GAPartNet

GAPartNet: Cross-Category Domain-Generalizable Object Perception and Manipulation via Generalizable and Actionable Parts

CVPR 2023 Highlight

Haoran Geng^{1, 2, 3} Helin Xu^4 Chengyang Zhao^1* Chao Xu⁵ Li Yi⁴ Siyuan Huang³ He Wang^1,2†

¹CFCS, Peking University ²School of EECS, Peking University ³Beijing Institute for General Artificial Intelligence ⁴Tsinghua University ⁵University of California, Los Angeles

^* Equal contribution with the order determined by rolling dice
^† Corresponding author

Paper

Code

Dataset

Abstract

For years, researchers have been devoted to generalizable object perception and manipulation, where crosscategory generalizability is highly desired yet underexplored.
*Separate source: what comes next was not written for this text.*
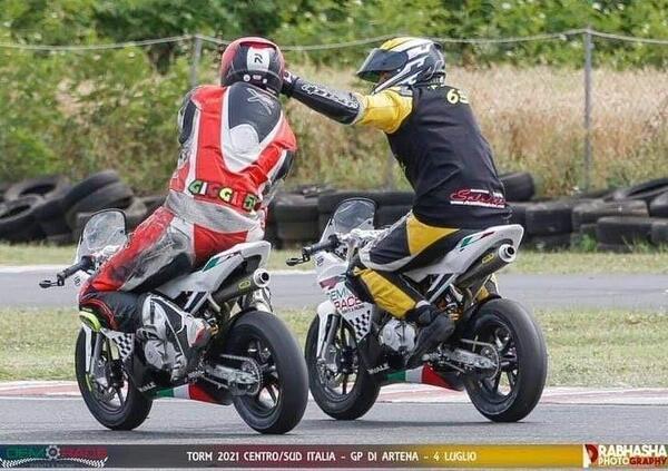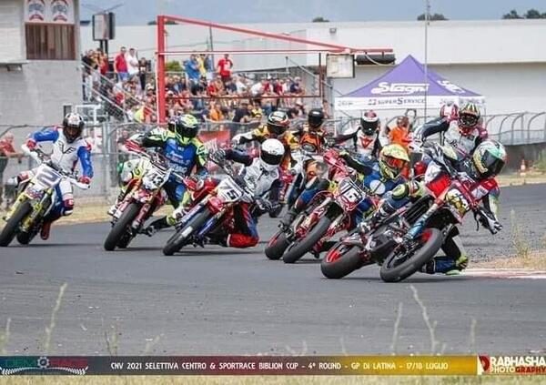 La categoria SUPERMOTARD vede la classica divisione in due classi, partiamo con la classe SMV2 che vede Gianpaolo Orlandi, del team Evolution Bike, partire dalla prima posizione ottenuta con il tempo di 1’.01’’.048’’’. La partenza vede Stefano Punzo del team Boar Racing prendere il comando della gara. Doppia caduta nel primo giro che vede coinvolti Flavio Capecchi del TST Racing team e Cesare Cretaro del team Boar Racing. Punzo riesce subito ad incrementare il margine con gli inseguitori, dietro di lui Massimo Parisi del team Evolution Bike ed Orlandi. Quest’ultimo riprende la seconda posizione e tenta subito di metterla al sicuro incrementando il margine con gli inseguitori. La lotta si accende per la terza posizione con Antonio Perillo del team Boar racing che tenta in tutti i modi di conquistare la posizione di Parisi, ci riuscirà pochi giri dopo. Parisi sembra calare il proprio ritmo e viene attaccato anche da Omar Brill del team Fraffi Corse. Perillo scavalca Orlandi e si mette all’inseguimento del leader della gara. Le prime tre posizioni rimarranno congelate fino alla bandiera a scacchi. Per la quarta posizione invece bisognerà attendere fino all’ultimo giro con Parisi, Alessandro Carini, Alberto Giani del team TST Racing team e Christian Paciotti del Cast16corse by Pizziconi Racing, che rimangono vicinissimi ma senza mai tentare il sorpasso. Punzo taglia il traguardo in prima posizione ed afferma: “Ho avuto un ottimo spunto in partenza, ci voleva proprio questa vittoria l’ho cercata tanto dopo la rottura a Viterbo che ha compromesso il mio risultato”.

In this work, we propose to learn such crosscategory skills via Generalizable and Actionable Parts (GAParts). By identifying and defining 9 GAPart classes (lids, handles, etc.) in 27 object categories, we construct a large-scale part-centric interactive dataset, GAPartNet, where we provide rich, part-level annotations (semantics, poses) for 8,489 part instances on 1,166 objects. Based on GAPartNet, we investigate three cross-category tasks: part segmentation, part pose estimation, and part-based object manipulation. Given the significant domain gaps between seen and unseen object categories, we propose a robust 3D segmentation method from the perspective of domain generalization by integrating adversarial learning techniques. Our method outperforms all existing methods by a large margin, no matter on seen or unseen categories. Furthermore, with part segmentation and pose estimation results, we leverage the GAPart pose definition to design part-based manipulation heuristics that can generalize well to unseen object categories in both the simulator and the real world.

Dataset

GAPart Definition

We give a rigorous definition to the GAPart classes, which not only are Generalizable to visual recognition but also share similar Actionability, corresponding to the G and A in GAPartNet. Our main purpose of such a definition is to bridge the perception and manipulation, to allow joint learning of both vision and interaction. Accordingly, we propose two principles to follow: firstly, geometric similarity within part classes, and secondly, actionability alignment within part classes.

GAPartNet Dataset

Following the GAPart definition, we construct a large-scale part-centric interactive dataset, GAPartNet, with rich, part-level annotations for both perception and interaction tasks. Our 3D object shapes come from two existing datasets, PartNet-Mobility and AKB-48, which are cleaned and provided with new uniform annotations based on our GAPart definition. The final GAPartNet has 9 GAPart classes, providing semantic labels and pose annotations for 8,489 GAPart instances on 1,166 objects from 27 object categories. On average, each object has 7.3 functional parts. Each GAPart class can be seen on objects from more than 3 object categories, and each GAPart class is found in 8.8 object categories on average, which lays the foundation for our benchmark on generalizable parts.

Methods

Full pipeline

An Overview of Our Domain-generalizable Part Segmentation and Pose Estimation Method. We introduce a part-oriented domain adversarial training strategy that can tackle multi-resolution features and distribution imbalance for the domain-invariant GAPart feature extraction. The training strategy tackles the challenges in our tasks and dataset, significantly improving the generalizability of our method for part segmentation and pose estimation.

Results

Cross-Category Part Segmentation

We visualize the results of the different methods on the seen and unseen categories, where the red blocks show the failures. Our method has fewer failure cases. In particular, on the unseen category, our method still achieves the desired performance when the performance of other methods drops significantly.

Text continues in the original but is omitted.